Durango, Dgo.
La capital del estado despidió el 2025 consolidándose como uno de los puntos con mayor carestía en el país. Según los indicadores financieros más recientes, la ciudad se posicionó en el “top tres” de las urbes con el incremento más severo en el costo de vida, siendo superada únicamente por el dinamismo inflacionario de Cancún y Tampico.
Supera la media nacional
De acuerdo con las cifras validadas por el INEGI y el Banco de México, la inflación anualizada en Durango escaló hasta el 3.72%. Este porcentaje no solo rebasó el promedio nacional (que se fijó en 3.69%), sino que también contradijo las expectativas de los analistas, quienes proyectaban un cierre de año más moderado para el país.
El reporte mensual de diciembre fue determinante para esta tendencia. Mientras que el promedio de alza de precios en México fue del 0.28%, en la capital duranguense el salto fue del 0.48%. Solo los destinos turísticos de Quintana Roo (0.66%) y el puerto de Tampico (0.53%) mostraron una presión económica mayor sobre los consumidores.

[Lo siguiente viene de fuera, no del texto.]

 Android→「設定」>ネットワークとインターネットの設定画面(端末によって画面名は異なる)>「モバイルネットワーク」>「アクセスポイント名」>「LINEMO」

Contraste: Lo que dicen las cifras vs. la realidad del hogar
A pesar de que el indicador es técnicamente más bajo que el 4.4% registrado al final de 2024, el alivio no se siente en las mesas de las familias duranguenses. Existe una brecha marcada entre la estadística oficial y el “gasto de calle”.

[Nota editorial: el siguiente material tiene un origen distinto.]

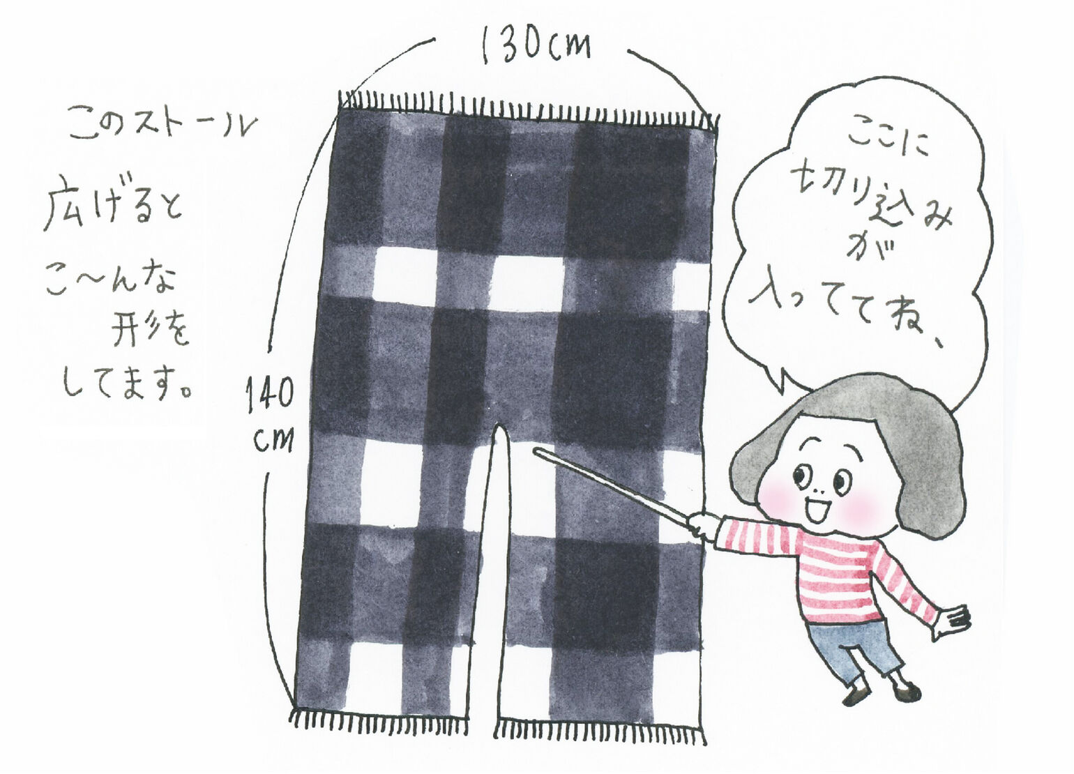 イラストのようなアウターの上に羽織るのも羽織りやすくって、ほんとこの切り込み、ストール界のパイオニアやでっ!!!と感動しております♡

Comerciantes de la localidad y jefes de familia han manifestado que, durante el último tramo del año, los productos de la canasta básica y artículos de primera necesidad experimentaron ajustes superiores al 10%.
“En el papel la inflación baja, pero en el mostrador los precios de la comida suben cada semana”, coinciden sectores comerciales, subrayando que la temporada decembrina disparó el costo de la vida por encima de lo que dictan los gráficos macroeconómicos.
Con este escenario, Durango inicia el 2026 enfrentando el reto de estabilizar sus precios internos en una economía que, al menos para el bolsillo local, sigue pesando más de lo previsto.